Non active trusts, charitable trusts, trusts that are eligible to be a “Maori Authority”, and foreign trusts will be exempt from these requirements.  In the case of foreign trusts, New Zealand resident trustees already have similar reporting obligations.  

The Government has time and time reiterated that the increase in top tax is only supposed to impact 2% of taxpayers.  However, with these changes it has decided to add a considerable compliance burden to the many hundreds of thousand taxpayers who have trusts that are not in any way being used to divert income of individuals earning $180,000 or more.  Therefore, this change seems to be a significant overreach.  It is a shame that the Government has denied people the opportunity to submit against these changes.

The Inland Revenue is being given the power to seek this trust information can be requested from 2013/14.  This will create significant compliance for trustees if they are required to dig out 7 years’ worth of records.  This seems to be an overreach by the Government.  Again, it is a shame that the Government has robbed people the opportunity to comment on this.

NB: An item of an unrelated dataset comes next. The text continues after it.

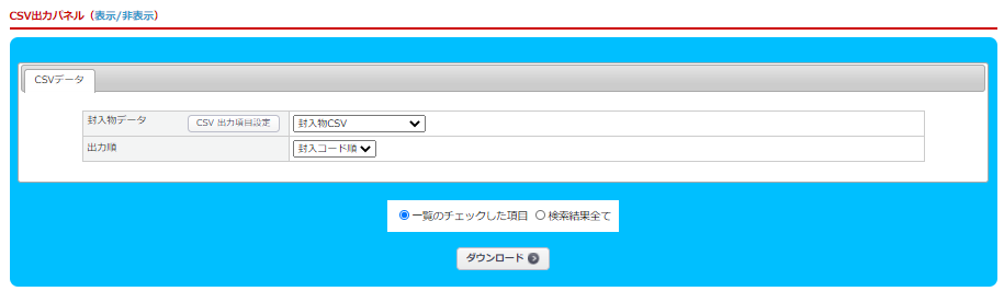 CSV出力パネルより封入物および封入物セットCSVデータをダウンロードできます。

The changes will apply from 1 April 2020.

Other updates

Bright lines

The Inland Revenue has embarked on a crackdown on compliance with the bright line rules for the sale of residential property.  The Inland Revenue recently publicly stated that they estimate around 25% non-compliance with the bright line rules. 

Inland Revenue has compiled a list of taxpayers who they think have sold a residential property and not returned the necessary tax.  Inland Revenue has supplied a list of those who they think are not meeting their obligations to their accountant/tax agent (if they are linked to one); or have/or will write to taxpayers individually if they are not linked to an accountant/tax agent.

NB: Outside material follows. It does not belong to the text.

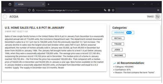 Particularly in task seven, non-AI-supported users made more mistakes. The users’ confusion may have been triggered by the title of the newspaper article: “French Household Consumption Falls In February”. Including the word “household” misled many participants into assigning the article to the category “Housing” rather than the correct category, “Retail”. The longer processing time of the AI-supported users, coupled with the correct recommendation from the AI, significantly reduced errors in this group. In this instance, the AI genuinely assisted in error reduction. The results of the Data Visualization component are not entirely reliable in this regard.

The Inland Revenue data included taxpayers whose returns were not yet due, taxpayers who had filed returns including bright lines income, and taxpayers who are not subject to bright lines because of the main home exemption.  The Commissioner of Inland Revenue acknowledged that there were issues with the Inland Revenue data in a speech to a Chartered Accountants of Australia and New Zealand conference soon after the Inland Revenue started contacting taxpayers and tax agents.  Therefore, the estimate of 25% non-compliance makes for a good headline but is likely to be considerably overstated.  However, there will be many taxpayers who have not met their obligations either due to ignorance of the rules or by deliberately excluding the income.

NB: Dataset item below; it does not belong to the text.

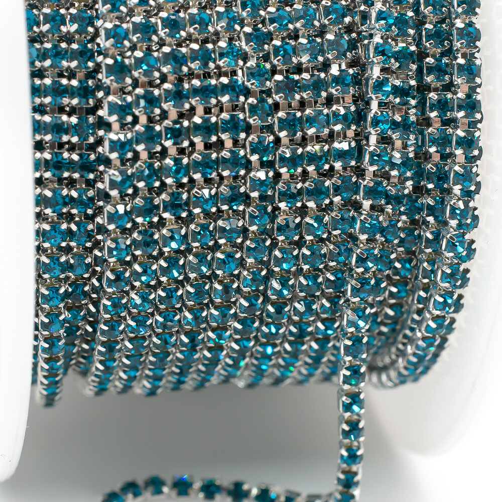 Стразовая цепь ss10 (2,8 мм) 1 м Aquamarine dark silver

Inland Revenue have focused a lot of their audit activity towards land for the past 15-20 years, and with the political spotlight being on property prices, Inland Revenue focus audit activity in relation to land can only be expected to increase significantly.  Inland Revenue generally gets a good “return on investment” on land related audit activity.  

Inland Revenue have had direct access to Land Information New Zealand (LINZ) data for decades.  Anyone expecting that they can hide a transaction subject to the bright line rules from the Inland Revenue is kidding themselves and should take professional advice as soon as possible.

Extension of sick leave

The Government is being criticised for pushing ahead with its proposal to double sick leave entitlements from 5 to 10 days.  Most people would agree that extending sick leave is a good idea in principle and, in fact, it is estimated that about 50% of employers already offer 10 days or more sick leave.  

The main criticism is that the timing of the change is not ideal as there are still many businesses trying to recover from the impact of Covid-19.  Many commentators are estimating the cost of this change to employers at around $1b per annum.  This will affect business confidence.

Further, it is the hardest hit industries like hospitality and smaller retail stores that are most likely to be impacted by employees abusing sick leave entitlements. 

This change is expected to apply from the middle of 2021.